§ **Exercise data**
───
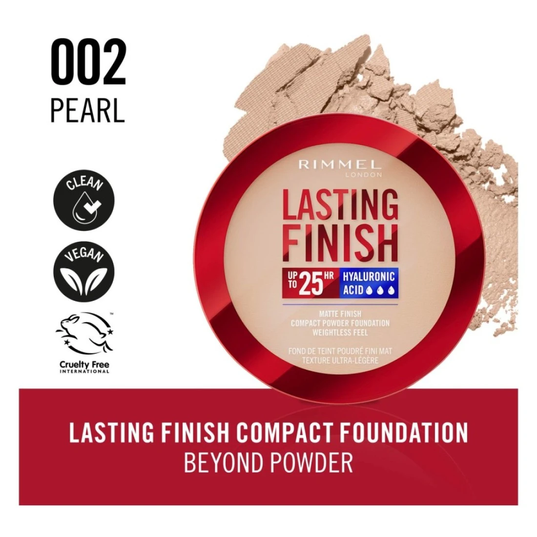 Rimmel London Lasting Finish 25H Hyaluronic Acid Matte Finish Compact Powder Foundation, 002 Pearl, 7g
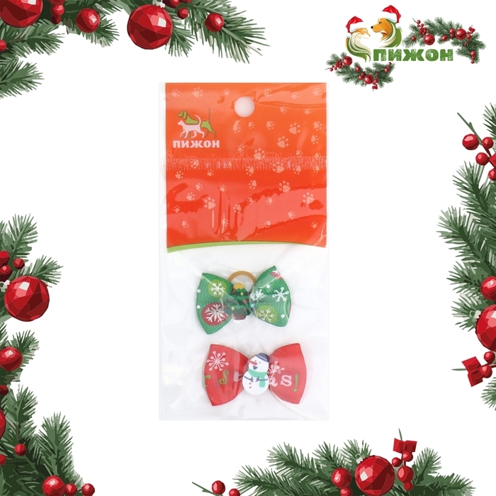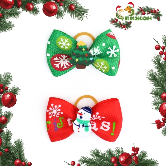 Новогодний набор бантиков-резинок "Ёлочка и Снеговик" - великолепное украшение для собачки. Множество цветовых гамм позволит подобрать бантик под любой наряд, который есть у вашего любимца. Такое украшение подойдет любой маленькой породе, главное длинношерстной. С помощью бантиков Вы можете легко и просто создать непревзойденный имидж питомца, сделать настоящего модника и просто упростить уход за шерсткой собачки - красиво и правильно уложить челку. Бантики выполнены из репсовых лент с добавлением новогоднего декора. Основа выполнена из качественного, прочного материала, который хорошо тянется. Резинки для собаки украсят Вашего питомца, создадут новогоднее настроение и не оставят никого равнодушным.
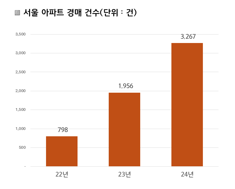 2024년의 서울 아파트 경매건수는 3,267건으로 2022년 대비 4배가 되었습니다. 증가율로 보면 무려 309.4% 증가한 것입니다. 그야말로 아파트 경매건수의 폭증 상황이 벌어진 것 입니다.
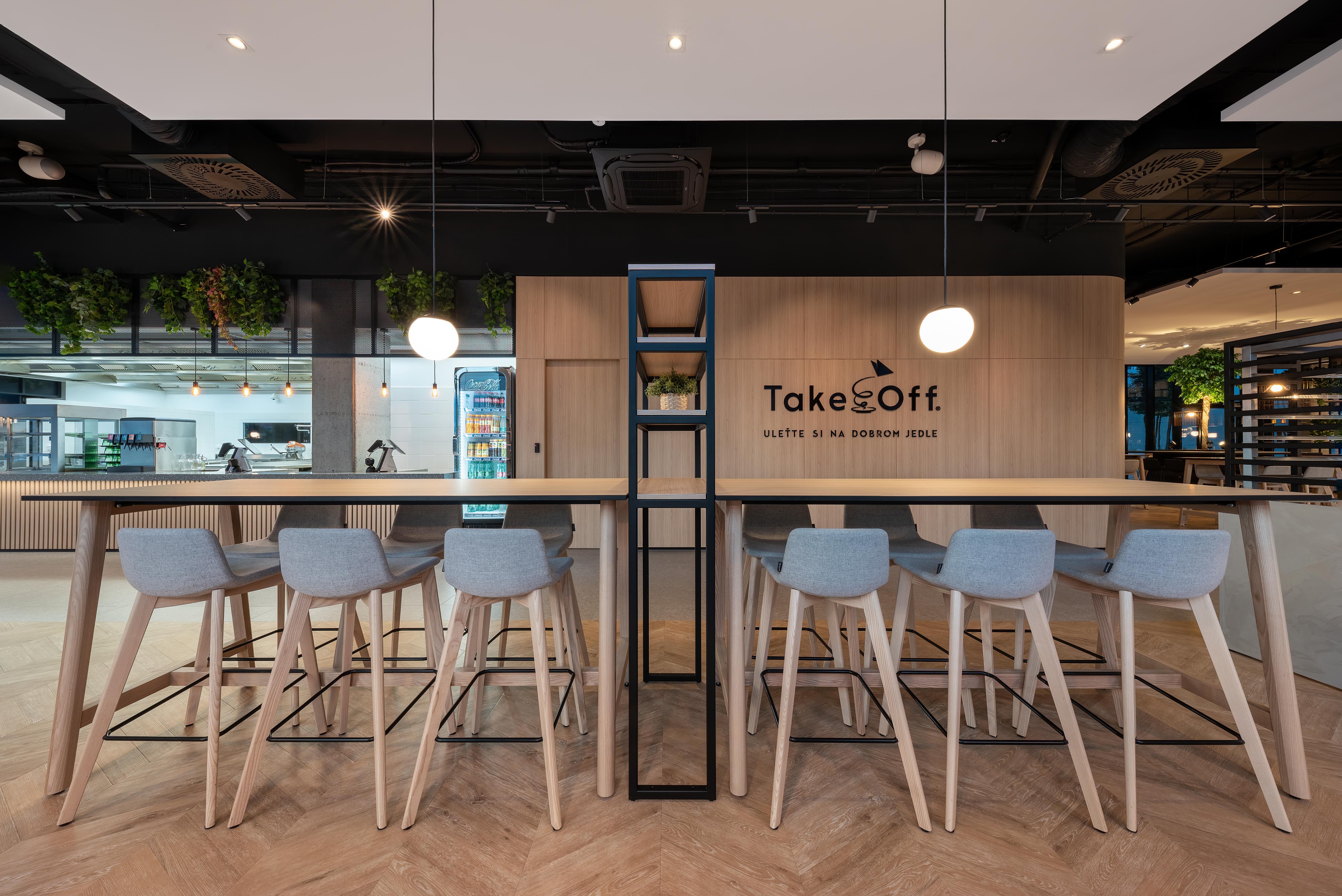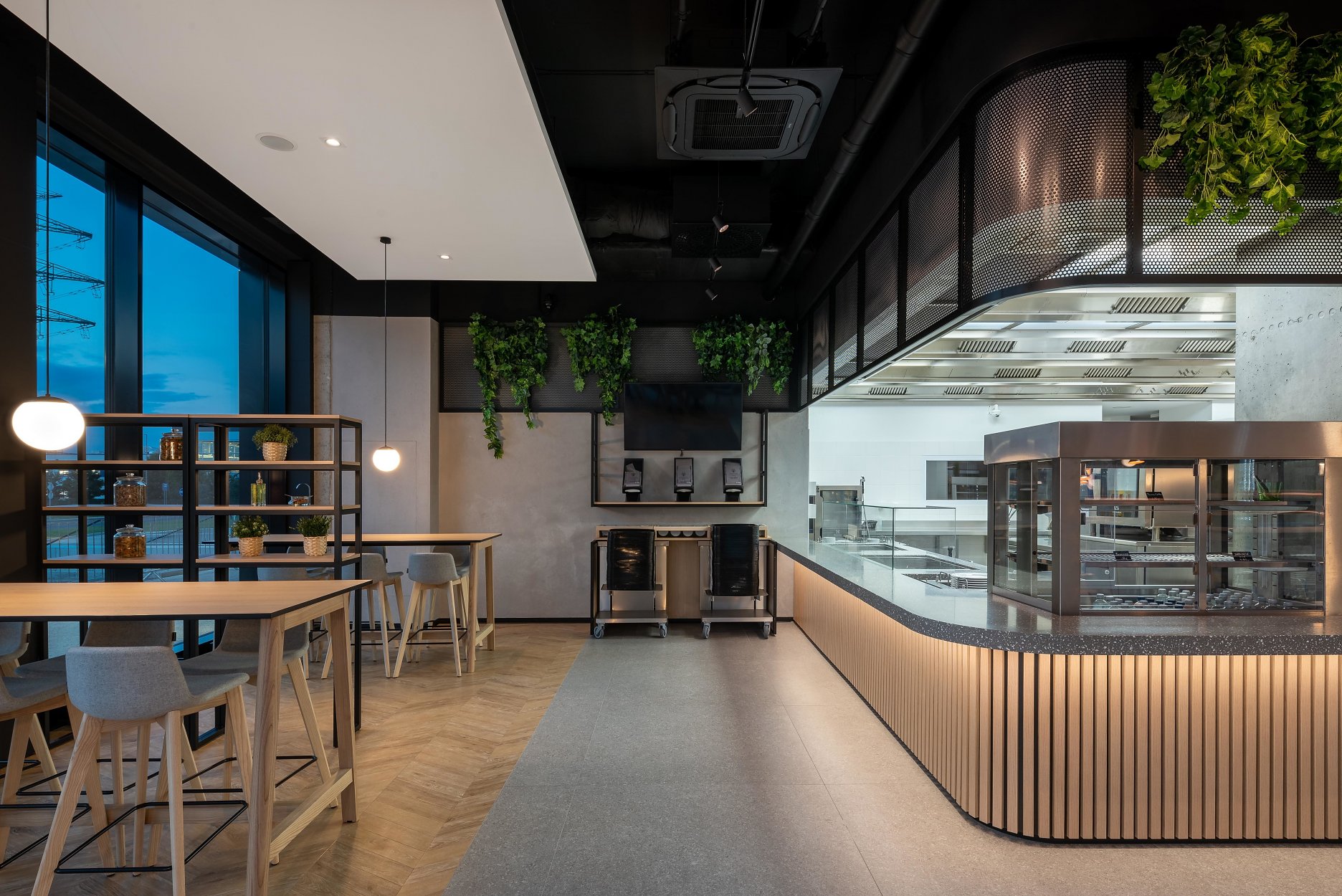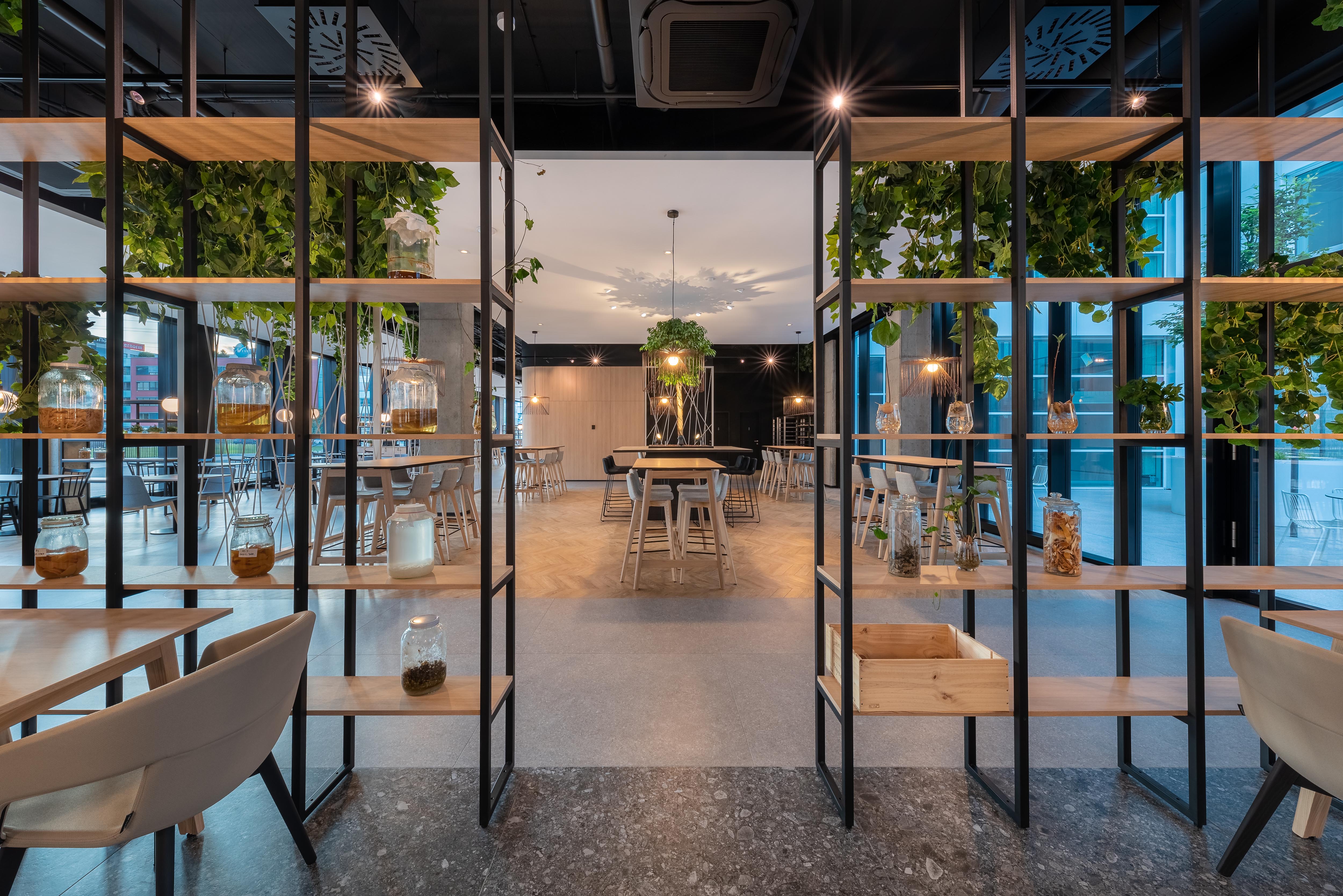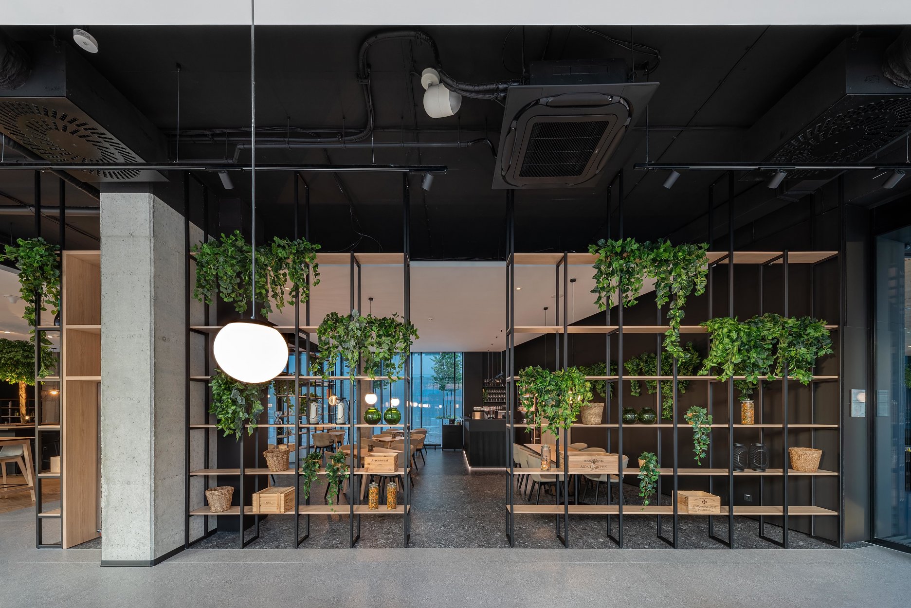 Reštaurácia a kaviareň v obchodno-administratívnej budove Galvaniho Business Center 5. Interiér s výmerou 673m² zastrešuje okrem stravovania aj rôzne eventy a pracovné akcie spojené s dobrým jedlom. Priestor je preto členený do viacerých prevádzkových zón, ktoré sú vzájomne odlíšené použitými materiálmi a povrchmi. Celková farebnosť a spoločné prvky, plynúce celým interiérom, zjednocujú zóny do prehľadného a otvoreného celku.
───
§ **Task goal**
Leaving out the pictures, output each line above exactly as it is.

§ **Task result**
 Rimmel London Lasting Finish 25H Hyaluronic Acid Matte Finish Compact Powder Foundation, 002 Pearl, 7g
 Новогодний набор бантиков-резинок "Ёлочка и Снеговик" - великолепное украшение для собачки. Множество цветовых гамм позволит подобрать бантик под любой наряд, который есть у вашего любимца. Такое украшение подойдет любой маленькой породе, главное длинношерстной. С помощью бантиков Вы можете легко и просто создать непревзойденный имидж питомца, сделать настоящего модника и просто упростить уход за шерсткой собачки - красиво и правильно уложить челку. Бантики выполнены из репсовых лент с добавлением новогоднего декора. Основа выполнена из качественного, прочного материала, который хорошо тянется. Резинки для собаки украсят Вашего питомца, создадут новогоднее настроение и не оставят никого равнодушным.
 2024년의 서울 아파트 경매건수는 3,267건으로 2022년 대비 4배가 되었습니다. 증가율로 보면 무려 309.4% 증가한 것입니다. 그야말로 아파트 경매건수의 폭증 상황이 벌어진 것 입니다.
 Reštaurácia a kaviareň v obchodno-administratívnej budove Galvaniho Business Center 5. Interiér s výmerou 673m² zastrešuje okrem stravovania aj rôzne eventy a pracovné akcie spojené s dobrým jedlom. Priestor je preto členený do viacerých prevádzkových zón, ktoré sú vzájomne odlíšené použitými materiálmi a povrchmi. Celková farebnosť a spoločné prvky, plynúce celým interiérom, zjednocujú zóny do prehľadného a otvoreného celku.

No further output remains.